Let’s start by loading up the alignment of RNA-seq data. As before, remove old tracks and load up the RNA seq file coldWaterSalmon.RNA.bam
. This is RNA extracted and sequenced from a Salmon from a cold location - we will return to that later in the week.
Now load in Salmon genes. You can do this like you have been doing for all the alignments (by choosing SalmonAnnotations_forIGV.gff
after clicking File
then Load From File
).
Now you should see diagrams indicating genes in the Salmon genome on a track at the bottom of the screen. Something like this:
Explore this data, and get a feel for some of the differences between the results of genome sequencing and RNA-seq
We’ll discuss the structure of the SalmonAnnotations_forIGV.gff
file with the class.
Now the fun really starts.
One of the common tasks in bioinformatics is to identify genetic variation. Identifying genetic variation may seem straightforward, but there are many complicating factors.
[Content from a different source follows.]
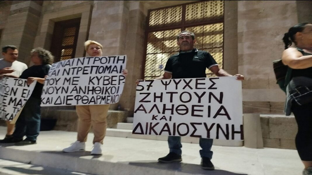 Οι συγκεντρωμένοι ζήτησαν να αποδοθεί δικαιοσύνη για τα θύματα του τραγικού δυστυχήματος.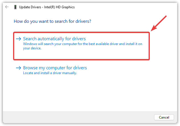 - انقر فوق البحث تلقائيًا عن برامج التشغيل.

First, let’s reload the Illumina whole genome data that we were analysing previously (Salmon.HiSeq.5x.bam
and Salmon.HiSeq.10x.bam
). In addition, also load up the file named Salmon.HiSeq.20x.vcf.gz
. This will load up an additional track that shows the locations of genetic variants that were identified before the tutorial.
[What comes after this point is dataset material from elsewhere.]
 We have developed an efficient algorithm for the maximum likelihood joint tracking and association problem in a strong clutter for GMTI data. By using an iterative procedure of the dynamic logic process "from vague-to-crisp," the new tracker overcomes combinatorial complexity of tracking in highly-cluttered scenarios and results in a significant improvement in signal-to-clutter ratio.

If you’ve successfully loaded in all the data, you should have a window that looks like this:
In this window the variants are loaded in and shown in the top bar of the plot. IGV colour codes many things (as you’ll have noticed). Note that homozygous variants are coloured in a light turquoise blue, heterozygous variants are in dark blue.
The standard format for genetic variant information is the Variant Call Format (VCF). Later in the week you’ll be using a program called GATK to generate VCF files and we’ll walk through the anatomy of the files.
Hopefully by now you’ll have an appreciation for how different technologies and methods give you different insights. When designing a research project involving bioinformatics, it is prudent to think of how best to match technologies and research questions when balanced against finite budgets.